# Clipboard and Jails



## BawdyAnarchist (Sep 10, 2020)

I think I know the answer to this, but want to confirm...

I'm setting up the Falkon browser in my jails, and one of the options is to allow Javascript access to the clipboard.  I'm guessing that it only has access to the clipboard internal to the jail, but I really want to confirm that.

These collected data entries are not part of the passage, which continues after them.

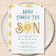 Convide a família e amigos para o chá de fraldas dos seus rapazes com o tema do sol com este belo convite à luz do sol. Ele apresenta o texto "Aqui Vem o Filho" em tipografia azul na moda com um lindo sol de aquarela sorridente. O dorso é decorado com um padrão solar amarelo. Facilmente personalizável. Original Watercolor © Michele Davies.
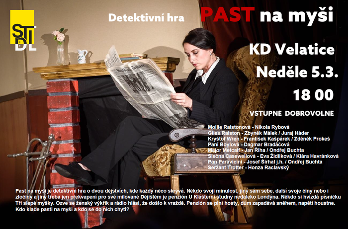 Na programu bude detektivní drama Past na myši od divadelního spolku Stodola. Hra o dvou dějstvích, kde každý něco skrývá. Někdo svoji minulost, jiný sám sebe, další svoje činy nebo i zločiny a jiný třeba jen překvapení pro své milované Dějištěm je penzión U Klášterní studny nedaleko Londýna. Někdo si hvízdá písničku Tři slepé myšky. Ozve se ženský výkřik a rádio hlásí, že došlo k vraždě. Penzión se plní hosty, dům zapadává sněhem, napětí houstne. Kdo klade pasti na myši a kdo se do nich chytí? https://divadlostodola.cz/hra/past-na-mysi
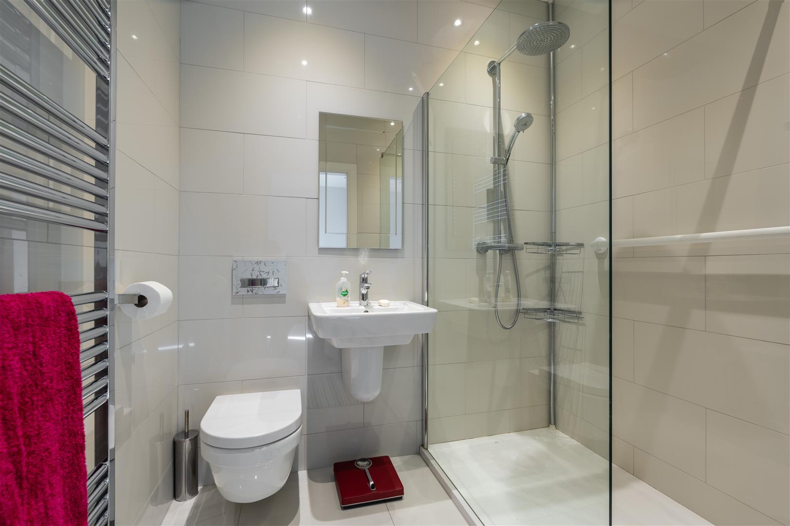 Modern white suite comprising walk-in shower with thermostatically controlled shower unit; wall mounted telephone shower attachment and drench head over; glass shower screen; semi pedestal wash hand basin with mono mixer tap; wall mounted wc with concealed cistern; chrome towel radiator; recessed spotlighting; tiled walls and floor; extractor fan.

The reason I'm doubting myself is because of how easy it is to copy/paste between jails.  I want to make sure that internal jails Javascript don't have permissionless access to host clipboard.


----------



## chrbr (Sep 10, 2020)

I have given it a try by using x11/xclip. In my jail the x-stuff makes use of the xserver on the host. The method is described in https://forums.freebsd.org/threads/...-in-a-jail-using-iocage-and-ssh-jailme.53362/. I use the sysutils/jailme method.
I can run `echo "Hey"|xclip -i` in the jail and read it on the host by `xclip -o`. The other direction works, too.


----------



## BawdyAnarchist (Sep 10, 2020)

I'm not asking _IF _or _HOW _to accomplish clipboard ops. I have no problems.

I'm asking about how jails cliboard functions under the hood with the security implications.


----------



## shkhln (Sep 10, 2020)

What is a clipboard?


----------